After calling 2015 the year that “robot panic peaked,” an article in The Observer asks several computer experts whether fear over robots taking our jobs and eventually enslaving the human race is justified. Soberingly, a number of prominent tech minds, including Elon Musk and Steve Wozniak, say we have good reason to be worried. An excerpt:
But robots that kill – especially “intelligent” ones – are very much on the mind of those who worry most publicly about the AI-robot combination. Stephen Hawking told the BBC it “could spell the end of the human race” as it took off on its own and redesigned itself at an ever-increasing rate. Elon Musk, the billionaire who brought us PayPal and the Tesla car, called AI “our biggest existential threat”. Steve Wozniak, the co-founder of Apple, told the Australian Financial Review in March that “computers are going to take over from humans, no question” and that he now agreed with Hawking and Musk that “the future is scary and very bad for people… eventually [computers will] think faster than us and they’ll get rid of the slow humans to run companies more efficiently”.

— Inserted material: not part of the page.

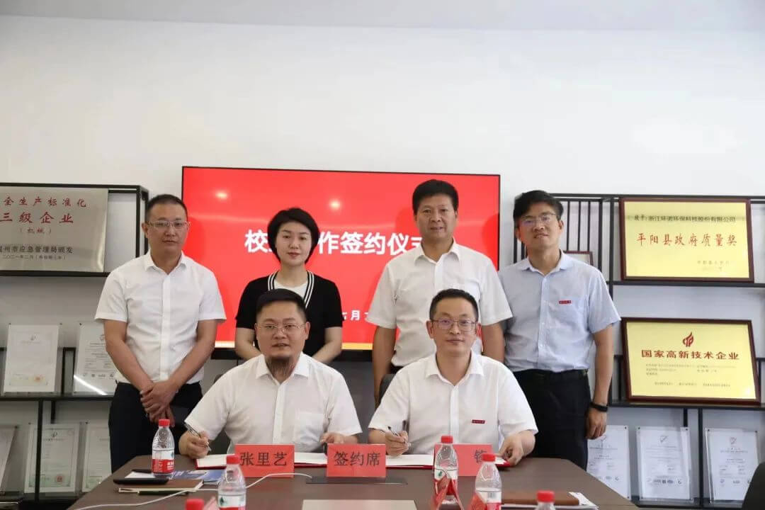 Впоследствии представитель школы подписал соглашение о сотрудничестве школьного предприятия с представителем нашей компании и вручил «Кооперативную базу стажировки школьного предприятия», ознаменовав официальное открытие сотрудничества школьного предприятия между Vnor Environmental Protection и Вэньчжоуским университетом.
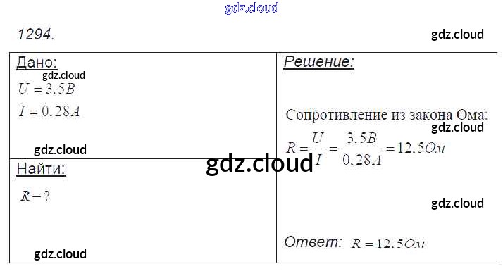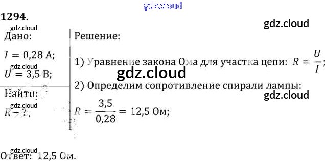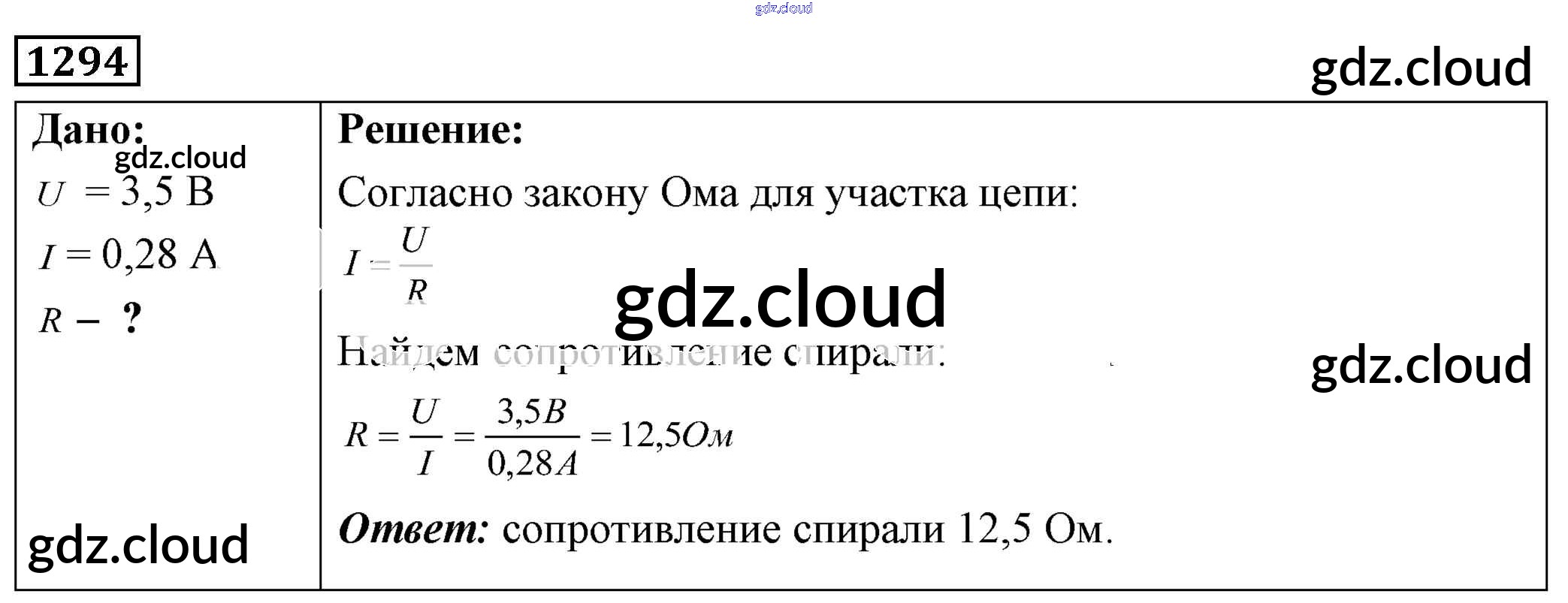 Ответ на задание 1294 Сборник задач Физика за 7, 8, 9 (седьмой, восьмой, девятый) класс Лукашик, Иванова 2011

Nick Bostrom may not have a similar claim to fame, but he is an Oxford University philosopher who argues in his book Superintelligence that self-improving AI could enslave or kill humans if it wanted to, and that controlling such machines could be impossible. But there’s no sign so far of inherently intelligent killer robots, or “anthropogenic AI”, as it’s also called. Reviewing Bostrom’s book, the scientist Edward Moore Geist suggested that it “is propounding a solution that will not work to a problem that probably does not exist”.